Behold the contrast. Harmony, consensus, respect for authority and for the views of elders: for thousands of years, this set of attitudes, Confucian for short (but a lot that was conventional before his time gets blamed on Confucius), has ruled the behavior of individual Chinese. At issue today is the power of a hierarchy based first on seniority and next on connections.
Such a hierarchy is said still to govern much of the teaching of science in China; it lurks in laboratory relations. Most notoriously, it led to the misidentification in 2003 of the cause of the epidemic of severe acute respiratory syndrome, SARS. The first cases showed up in southern China late in 2002; the disease spread to Beijing and other cities and threatened to go global. In February 2003, a senior scientist in Beijing announced that he had found the cause, the bacterium Chlamydia. A junior in his laboratory knew that this was mistaken, for he had isolated the true cause. Out of respect, or fear, he said nothing.
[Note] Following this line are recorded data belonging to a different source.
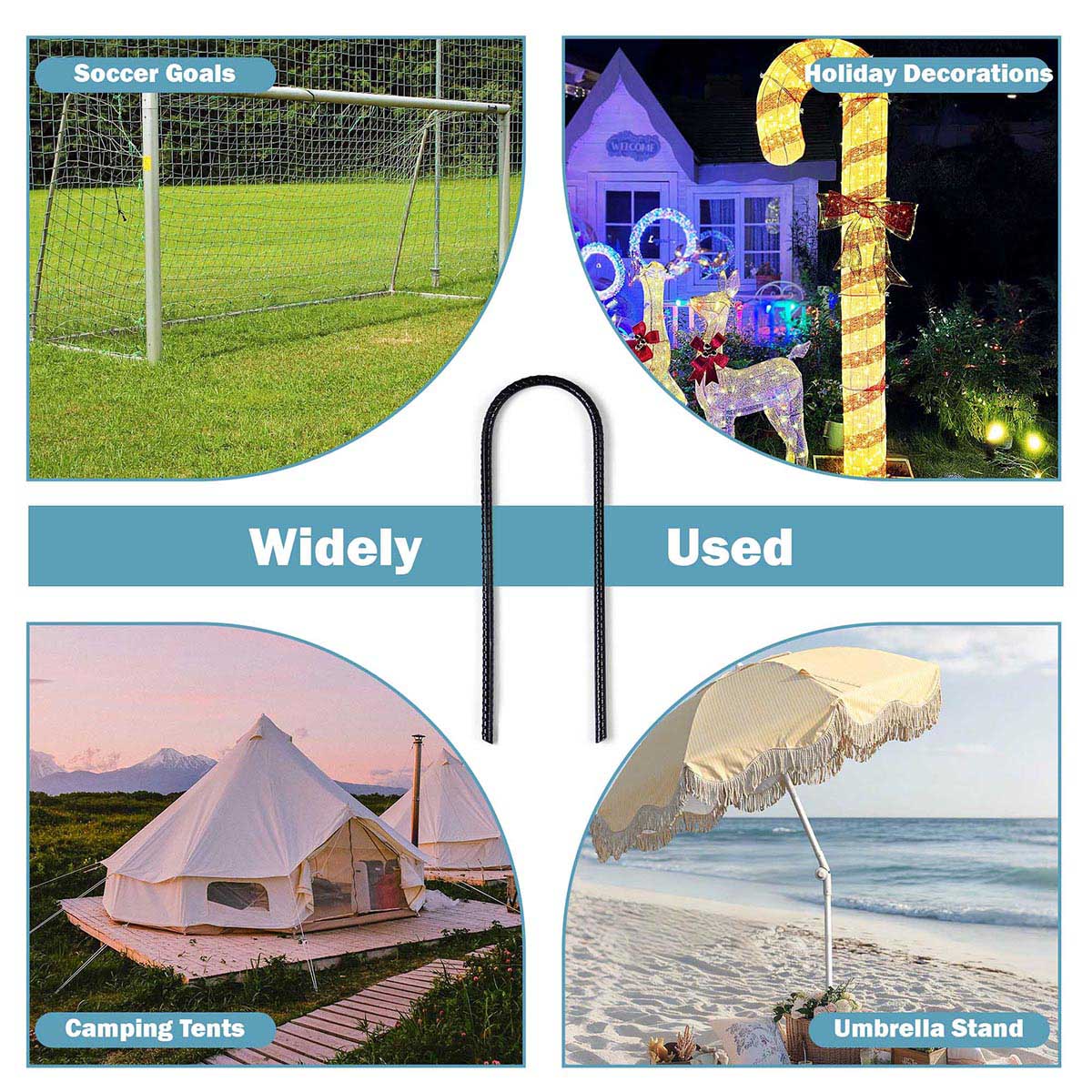 - Universal Fit - These 11" U-shaped stakes fit any trampoline tube or frame size up to 2 3/4" in diameter, securely anchoring your trampoline, soccer goal, camping tent, or umbrella stand with confidence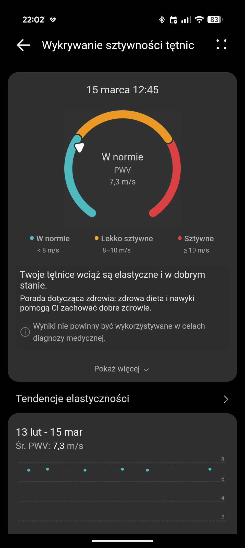 Zegarek zbiera jeszcze dane dotyczące pulsu w ciągu całego dnia (pomiar ciągły lub inteligentny), stresu, temperatury skóry, mierzy poziom natlenienia krwi, HRV w trakcie odpoczynku i snu, ma pomiar EKG i może wykrywać prawdopodobne migotanie przedsionków oraz ma funkcję badania sztywności tętnic. Zgromadzone dane mogą być przedstawiane w formie trendów, co pozwala szybko zauważyć ewentualne odchylenia.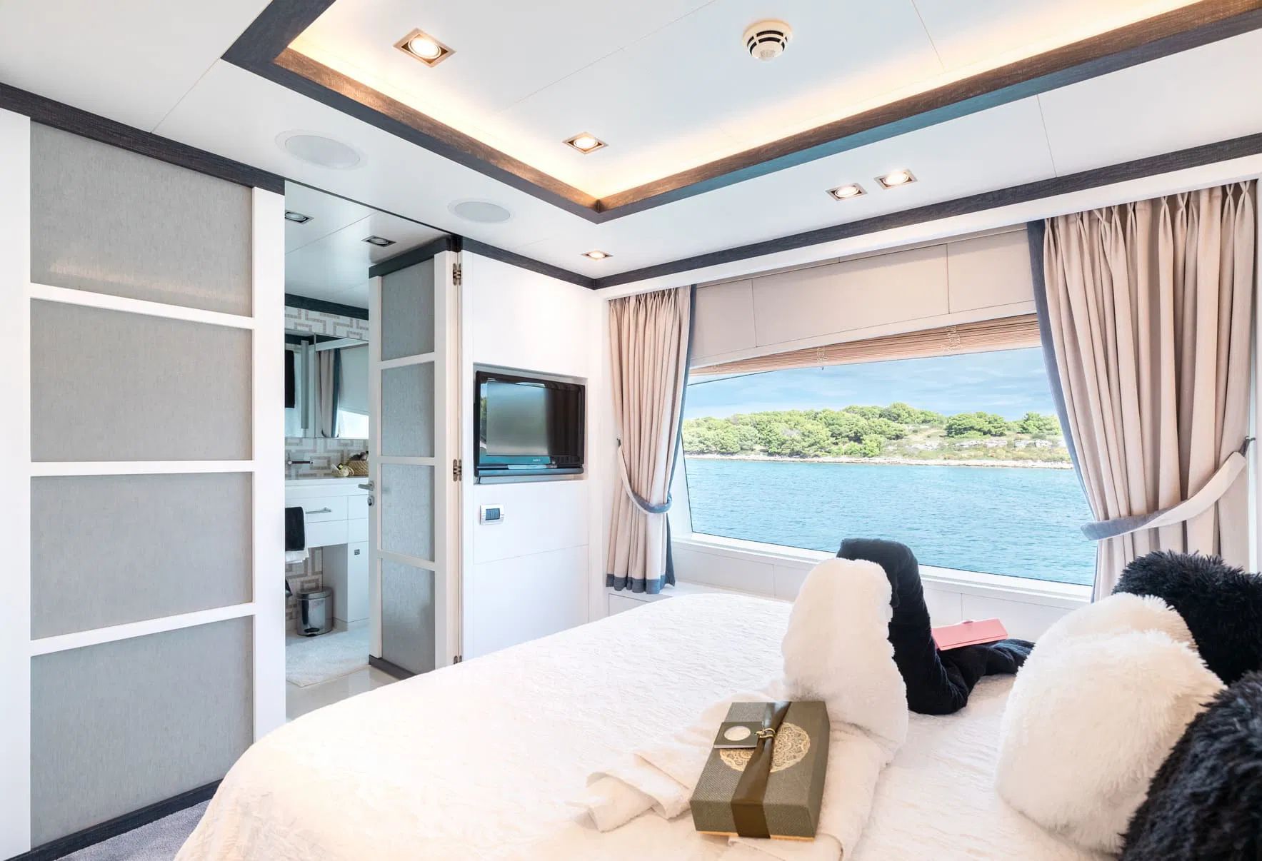 Full-beam master cabin on the main deck with direct access to a private deck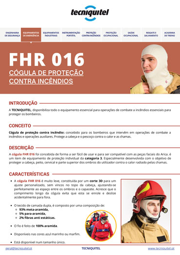 Cógula de proteção contra incêndios FHR 016 concebida para os bombeiros que intervêm em operações de combate a incêndios e operações auxiliares. Protege a cabeça e o pescoço contra o calor e as chamas.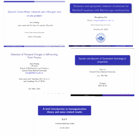 研讨会第二天,作为学校喜迎80周年华诞的系列学术报告,此次邀请了华中师范大学的安丽想、黄佳雨、刘剑、张义平以及Beat365唯一官方网站的吕登峰等五位博士在研讨会上作学术分享报告。报告主题涉及分形几何、偏微分方程、代数学、大数据以及统计学等学科方向。与会人员被精彩的前沿讲座报告深深吸引,围绕报告内容和前沿应用等踊跃提问交流,纷纷表示收获颇丰。

This is an extreme but not an isolated example. I was warned of the problem repeatedly. Gerald Lazarus is dean emeritus of the medical school of the University of California, Davis, and now a professor at the Johns Hopkins medical school. His wife, Audrey Jakubowski, is a chemist. They lived in Beijing for three years, 1999 to 2001. He was a visiting professor at Peking Union Medical College and Hospital.
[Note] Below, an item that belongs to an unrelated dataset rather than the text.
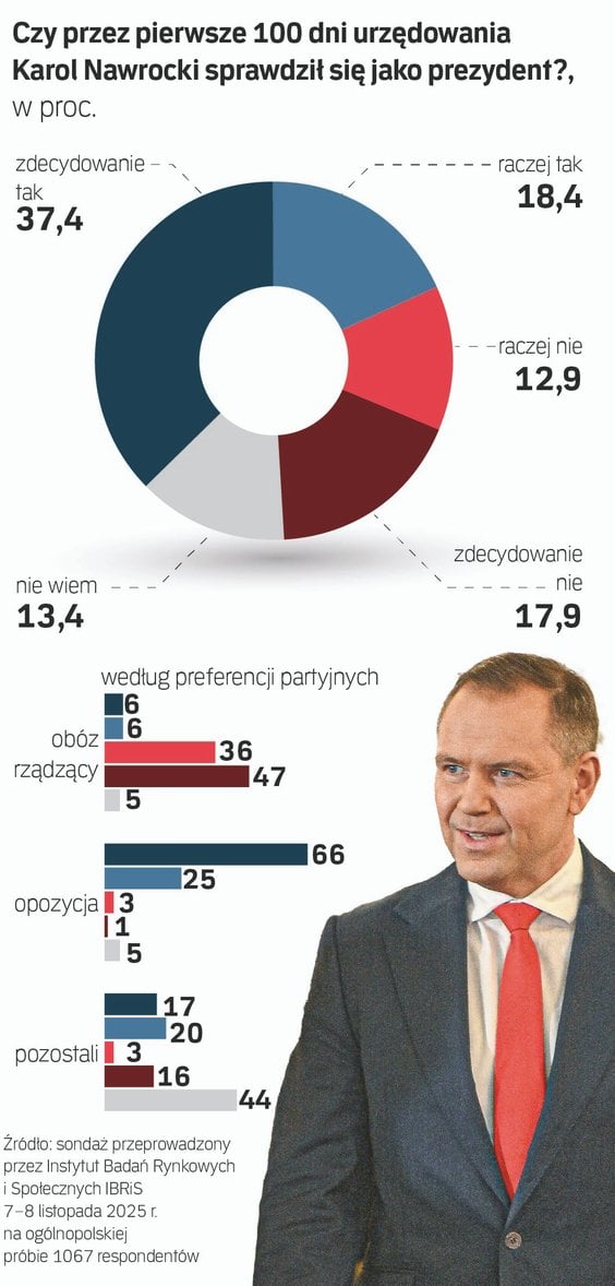 – Pierwsze miesiące pokazują asertywną i odważną prezydenturę – ocenia wicemarszałek Sejmu Krzysztof Bosak, prezes Ruchu Narodowego i jeden z liderów Konfederacji. Również większość badanych w sondażu IBRIS dla „Rzeczpospolitej” (55,8 proc. do 30,8 proc.) ocenia pozytywnie pierwsze 100 dni po zaprzysiężeniu prezydenta Karola Nawrockiego (mijają 14 listopada). Zdania w tej sprawie nie ma 13,4 proc.

For much of that time, she worked with an English-language scientific journal, the Chinese Medical Journal, trying to improve the English of the papers it published and to establish standards for review of manuscripts. Lazarus spoke of intellectual rigidities he encountered among faculty and students, caused, he thought, by deference to the views of elder colleagues. Jakubowski was more specific. The seniority system – she called it Confucian – could be crippling to peer review, she said, for to turn down a paper submitted by a senior person would be an act of disrespect.